| Your objective |
The entries below contain pictures. Write out only the lines from the line with "محلول ضدعفونی سطوح" up to and including the line with "Reichsführer-SS Himmler gratuliert", exactly, without them.

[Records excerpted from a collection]
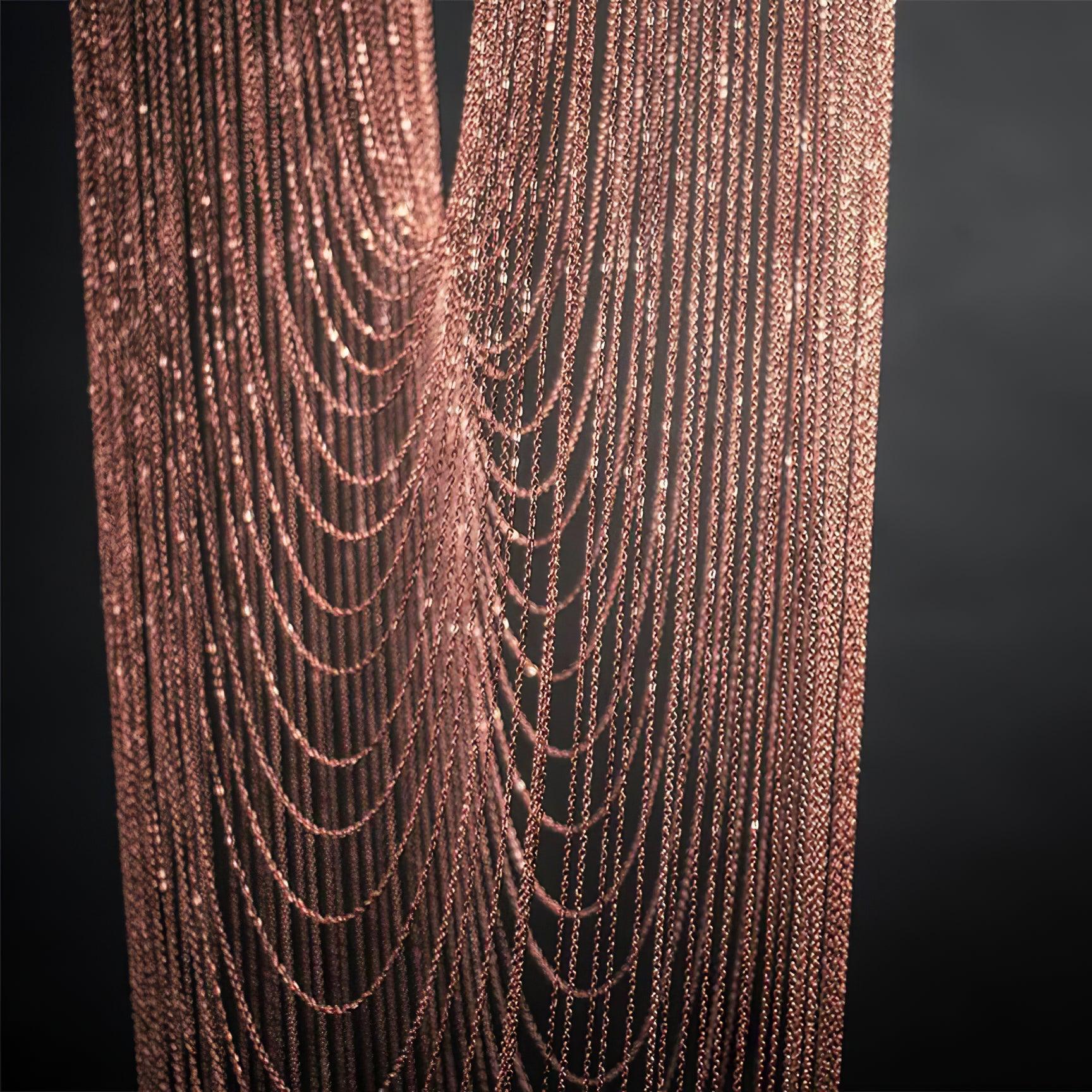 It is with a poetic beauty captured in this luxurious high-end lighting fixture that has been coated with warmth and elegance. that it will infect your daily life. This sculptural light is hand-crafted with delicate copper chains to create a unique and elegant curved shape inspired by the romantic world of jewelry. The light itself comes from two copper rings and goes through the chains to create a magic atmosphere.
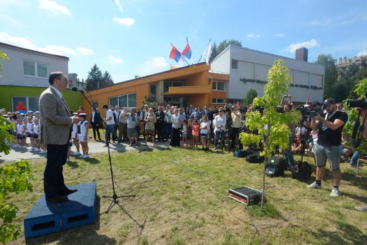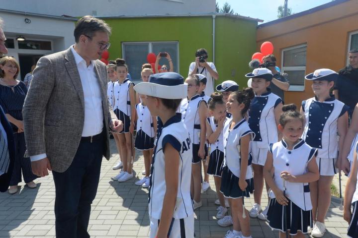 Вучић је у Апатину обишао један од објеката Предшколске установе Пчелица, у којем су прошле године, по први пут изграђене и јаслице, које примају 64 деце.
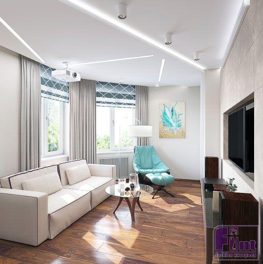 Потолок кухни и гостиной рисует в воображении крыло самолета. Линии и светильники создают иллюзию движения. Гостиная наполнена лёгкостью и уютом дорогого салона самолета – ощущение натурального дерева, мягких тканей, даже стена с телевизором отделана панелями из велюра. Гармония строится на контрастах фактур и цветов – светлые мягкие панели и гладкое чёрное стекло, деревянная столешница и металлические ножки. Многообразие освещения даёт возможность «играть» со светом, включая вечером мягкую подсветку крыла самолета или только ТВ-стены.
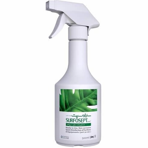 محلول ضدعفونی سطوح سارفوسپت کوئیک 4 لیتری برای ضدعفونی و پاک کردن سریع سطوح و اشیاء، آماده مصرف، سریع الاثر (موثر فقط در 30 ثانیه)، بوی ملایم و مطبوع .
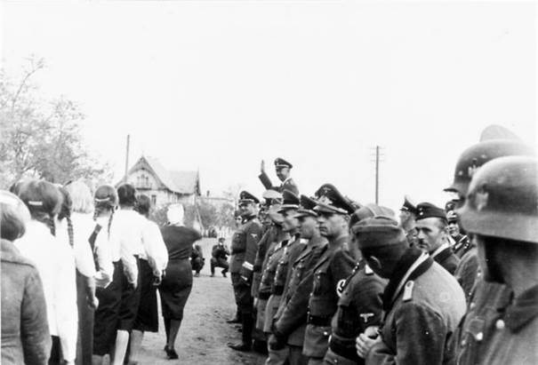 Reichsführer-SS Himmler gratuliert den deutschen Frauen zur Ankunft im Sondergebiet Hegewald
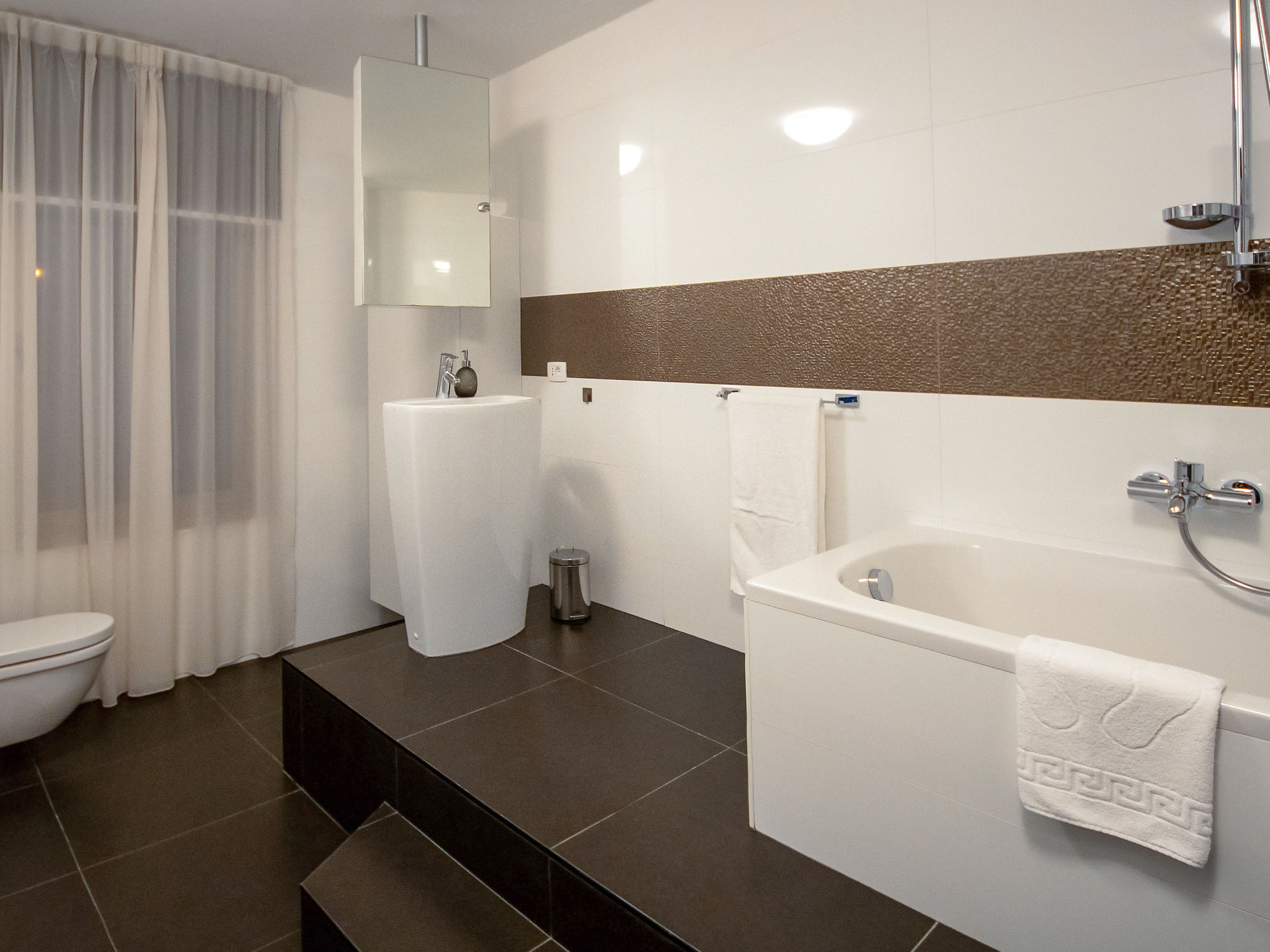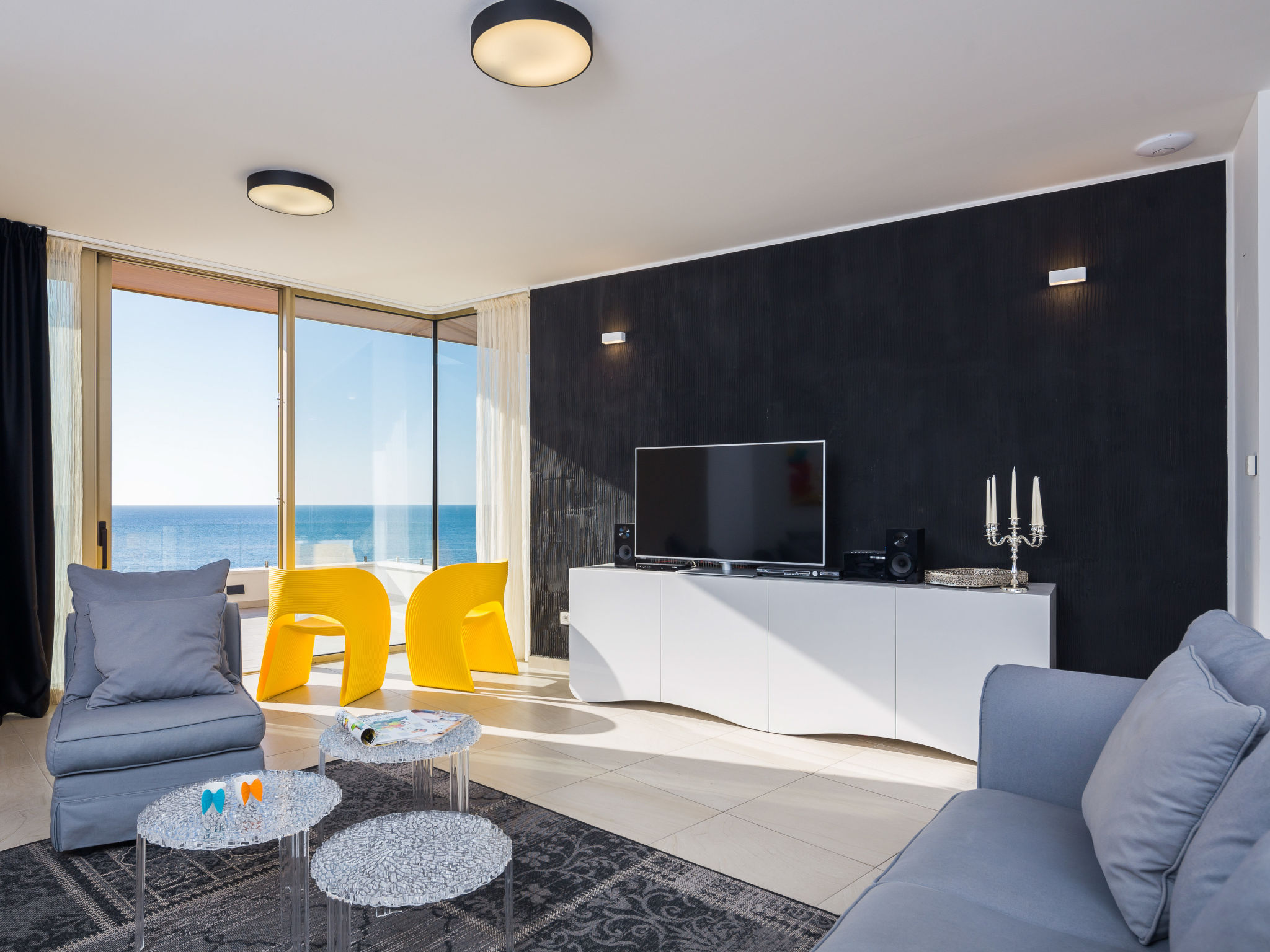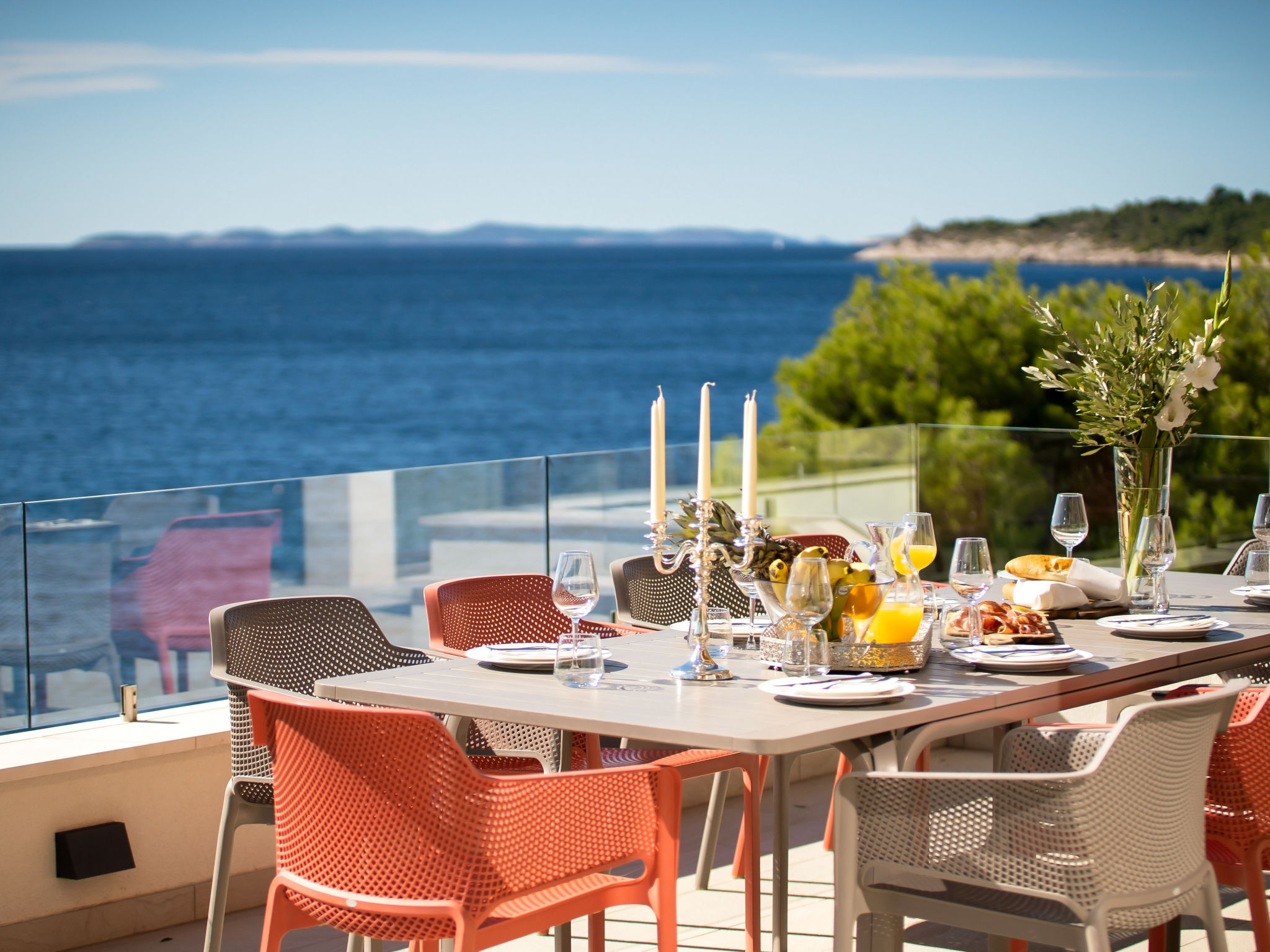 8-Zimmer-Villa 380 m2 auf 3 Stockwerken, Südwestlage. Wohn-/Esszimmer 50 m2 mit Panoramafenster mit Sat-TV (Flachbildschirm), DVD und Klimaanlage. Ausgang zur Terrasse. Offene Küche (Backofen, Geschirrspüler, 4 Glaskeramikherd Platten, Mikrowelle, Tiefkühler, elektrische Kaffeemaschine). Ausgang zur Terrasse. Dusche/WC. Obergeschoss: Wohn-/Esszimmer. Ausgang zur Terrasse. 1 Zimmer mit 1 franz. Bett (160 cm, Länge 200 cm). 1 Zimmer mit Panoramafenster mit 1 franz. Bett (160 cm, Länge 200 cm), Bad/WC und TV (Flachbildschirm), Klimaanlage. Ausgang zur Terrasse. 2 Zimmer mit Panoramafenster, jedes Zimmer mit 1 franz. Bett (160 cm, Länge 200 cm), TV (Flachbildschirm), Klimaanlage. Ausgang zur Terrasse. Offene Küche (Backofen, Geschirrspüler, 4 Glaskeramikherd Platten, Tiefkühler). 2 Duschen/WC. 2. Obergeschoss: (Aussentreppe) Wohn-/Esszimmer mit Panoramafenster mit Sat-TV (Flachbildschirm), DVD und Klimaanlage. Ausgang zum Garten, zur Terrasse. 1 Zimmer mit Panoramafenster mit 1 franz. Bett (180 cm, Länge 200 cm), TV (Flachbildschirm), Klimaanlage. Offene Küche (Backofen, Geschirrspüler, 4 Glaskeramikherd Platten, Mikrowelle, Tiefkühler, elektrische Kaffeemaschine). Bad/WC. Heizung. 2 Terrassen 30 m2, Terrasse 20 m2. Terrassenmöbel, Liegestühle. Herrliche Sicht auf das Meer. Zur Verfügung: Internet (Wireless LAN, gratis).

| Output for this exercise |
 محلول ضدعفونی سطوح سارفوسپت کوئیک 4 لیتری برای ضدعفونی و پاک کردن سریع سطوح و اشیاء، آماده مصرف، سریع الاثر (موثر فقط در 30 ثانیه)، بوی ملایم و مطبوع .
 Reichsführer-SS Himmler gratuliert den deutschen Frauen zur Ankunft im Sondergebiet Hegewald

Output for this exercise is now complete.